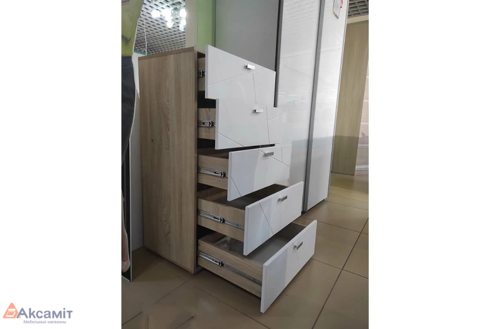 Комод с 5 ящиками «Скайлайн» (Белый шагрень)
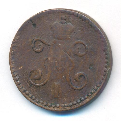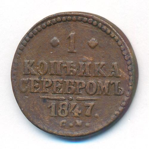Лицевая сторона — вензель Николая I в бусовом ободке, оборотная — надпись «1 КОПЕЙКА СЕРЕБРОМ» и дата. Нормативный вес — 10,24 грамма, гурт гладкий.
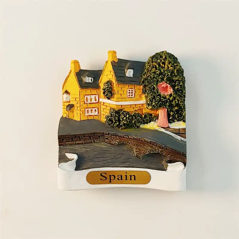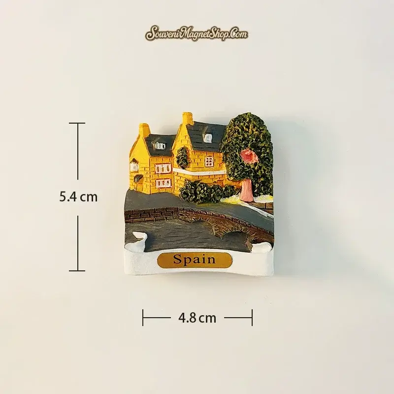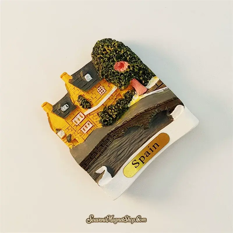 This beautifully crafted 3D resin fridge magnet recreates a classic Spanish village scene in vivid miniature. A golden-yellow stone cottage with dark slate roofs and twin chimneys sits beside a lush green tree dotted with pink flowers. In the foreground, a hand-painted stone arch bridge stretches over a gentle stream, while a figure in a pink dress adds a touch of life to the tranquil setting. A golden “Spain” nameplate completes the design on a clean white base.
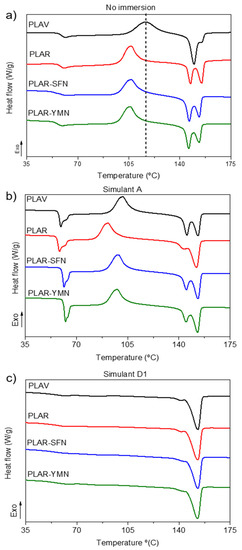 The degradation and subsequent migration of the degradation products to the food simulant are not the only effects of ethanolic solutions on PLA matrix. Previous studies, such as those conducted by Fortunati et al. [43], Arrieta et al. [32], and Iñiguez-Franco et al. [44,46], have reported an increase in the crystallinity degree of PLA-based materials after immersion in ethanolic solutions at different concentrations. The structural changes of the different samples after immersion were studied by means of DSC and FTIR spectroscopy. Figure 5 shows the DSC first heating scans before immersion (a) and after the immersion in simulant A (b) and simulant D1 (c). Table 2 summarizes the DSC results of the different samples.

-------

■ Task requirements
Leaving the pictures out, give back each line above exactly.

■ Solution for this exercise
 Комод с 5 ящиками «Скайлайн» (Белый шагрень)
Лицевая сторона — вензель Николая I в бусовом ободке, оборотная — надпись «1 КОПЕЙКА СЕРЕБРОМ» и дата. Нормативный вес — 10,24 грамма, гурт гладкий.
 This beautifully crafted 3D resin fridge magnet recreates a classic Spanish village scene in vivid miniature. A golden-yellow stone cottage with dark slate roofs and twin chimneys sits beside a lush green tree dotted with pink flowers. In the foreground, a hand-painted stone arch bridge stretches over a gentle stream, while a figure in a pink dress adds a touch of life to the tranquil setting. A golden “Spain” nameplate completes the design on a clean white base.
 The degradation and subsequent migration of the degradation products to the food simulant are not the only effects of ethanolic solutions on PLA matrix. Previous studies, such as those conducted by Fortunati et al. [43], Arrieta et al. [32], and Iñiguez-Franco et al. [44,46], have reported an increase in the crystallinity degree of PLA-based materials after immersion in ethanolic solutions at different concentrations. The structural changes of the different samples after immersion were studied by means of DSC and FTIR spectroscopy. Figure 5 shows the DSC first heating scans before immersion (a) and after the immersion in simulant A (b) and simulant D1 (c). Table 2 summarizes the DSC results of the different samples.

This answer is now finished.